Sweet truth in vino's varied taste
AMONG wine's many virtues is that it is ideal to use in consumer taste tests because it neutralises a tendency in subjects to make socially appropriate responses, according to sensory scientist Anthony Saliba.
AMONG wine's many virtues is that it is ideal to use in consumer taste tests because it neutralises a tendency in subjects to make socially appropriate responses, according to sensory scientist Anthony Saliba.
"So, with cake, people have a tendency to say they like the non-sweet product because they know that's the so-called healthy response," Saliba says.
They feel no such compulsion with wine, so it is easier to establish who has a sweet tooth. This has proved very useful because it has enabled Saliba, from Charles Sturt University's National Wine and Grape Centre, to collaborate with psychologists at the Britain's Sheffield Hallam University on some applied research in the area.
"They were interested in how personality style develops throughout lifespan, and the link between personality and obesity," he says of his English colleagues.

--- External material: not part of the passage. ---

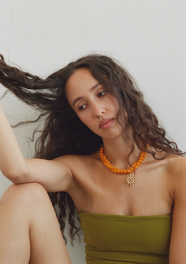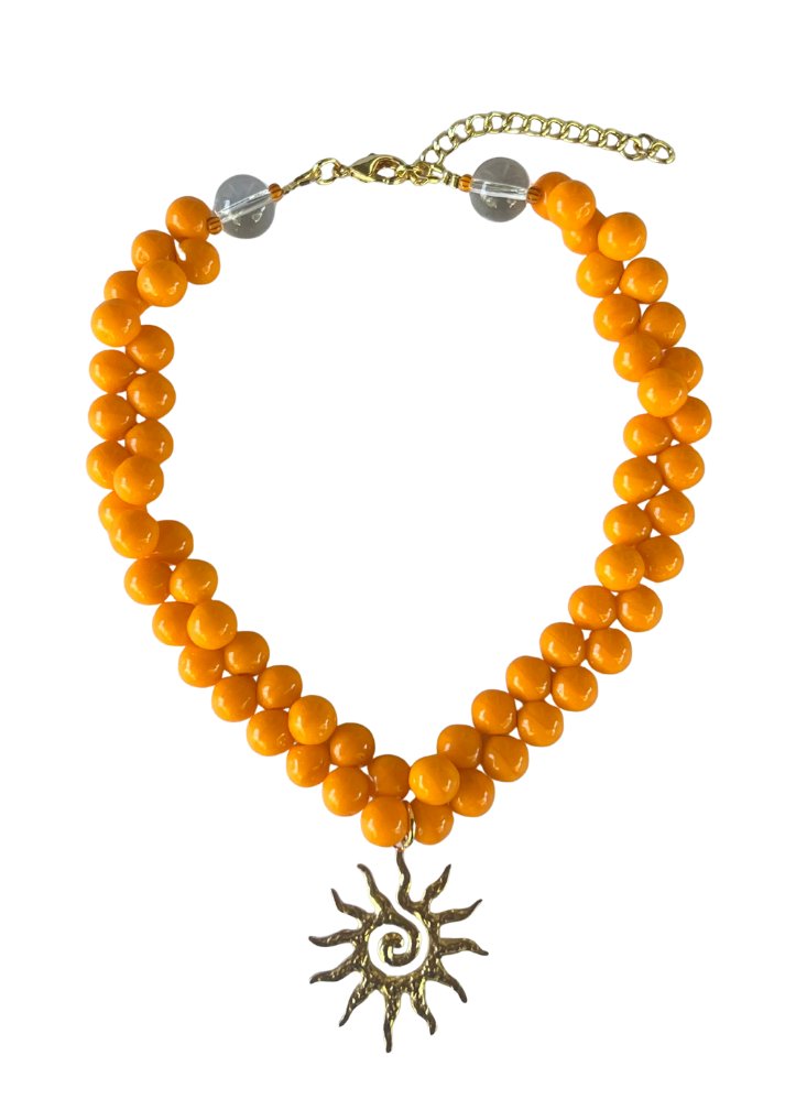 vintage glass orange beads, 14k gold metal sun pendant, 14k gold clasp and adjustable chain.

Working with 45 subjects from the Sheffield area, the team conducted taste tests and personality tests, finding people who preferred sweet wine were likelier to be impulsive and had a lower level of openness.

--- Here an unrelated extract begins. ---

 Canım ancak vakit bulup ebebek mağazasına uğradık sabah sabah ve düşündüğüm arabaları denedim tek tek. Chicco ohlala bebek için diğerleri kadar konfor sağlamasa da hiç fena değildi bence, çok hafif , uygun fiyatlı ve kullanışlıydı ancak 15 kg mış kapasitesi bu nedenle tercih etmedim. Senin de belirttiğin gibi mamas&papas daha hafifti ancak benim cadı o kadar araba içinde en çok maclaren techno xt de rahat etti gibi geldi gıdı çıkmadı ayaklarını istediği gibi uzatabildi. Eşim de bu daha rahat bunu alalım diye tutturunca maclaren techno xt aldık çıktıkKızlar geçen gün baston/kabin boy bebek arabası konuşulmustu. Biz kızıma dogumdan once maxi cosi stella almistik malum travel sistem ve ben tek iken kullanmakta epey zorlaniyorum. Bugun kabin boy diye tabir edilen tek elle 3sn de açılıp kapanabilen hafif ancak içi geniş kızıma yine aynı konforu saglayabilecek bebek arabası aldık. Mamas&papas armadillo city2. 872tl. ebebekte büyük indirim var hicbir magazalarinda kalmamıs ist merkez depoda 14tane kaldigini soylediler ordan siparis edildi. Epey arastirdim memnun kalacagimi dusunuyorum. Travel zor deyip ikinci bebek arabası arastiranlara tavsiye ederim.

These links are regarded as worth exploring in future studies.
Impulsiveness predicts a willingness to try new things, including foods. Lack of openness operates altogether differently, so that if, for example, bad dietary habits are established early in life, they are likely to persist throughout.
Saliba says that, given a preference for sweetness is established in the womb, if a simple test can be devised to establish whether a preference for sweetness exists in a child, parents would have a good chance of effectively managing diet to lessen the risk of obesity.

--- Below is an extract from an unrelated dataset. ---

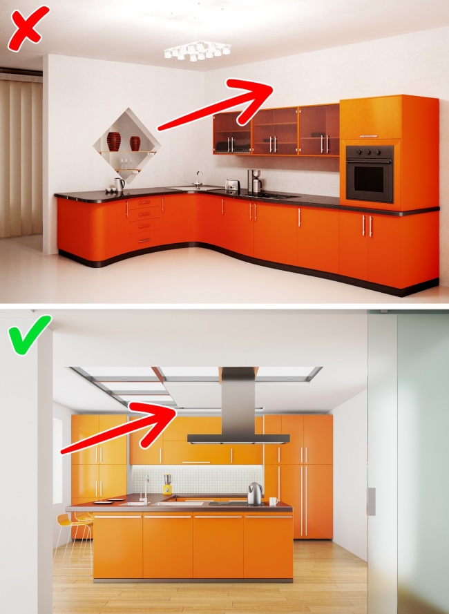Шафи, в тому числі і на кухні, повинні бути не тільки вбудовані в стіни, але і щільно пригнані до стелі, щоб на верхньому краї гарнітура, до якого так непросто дістатися, не накопичувалася пил. Крім того, так ми захистимо себе від спокуси розставити на цьому видному місці непотрібні вази і банки.

They also would be more understanding of the innate desire for sweet things and make sure the diet was balanced to accommodate that.
From the point of view of the wine industry, Saliba hopes the information will help with the tricky business of predicting what consumers like in wine, given medal counts from wine competitions are not an accurate indicator of what consumers prefer.
For example, there are quick quizzes customers could be asked to complete at the cellar door, to determine whether they are high on impulsiveness. "Appeals to that could be woven into welcome speeches at the cellar door."
It also has implications for label design: "We now know that if you like a dry wine you have a higher level of openness, which means the innovative labels should probably be used on those bottles, whereas the tendency has been to put them on thesweet wines."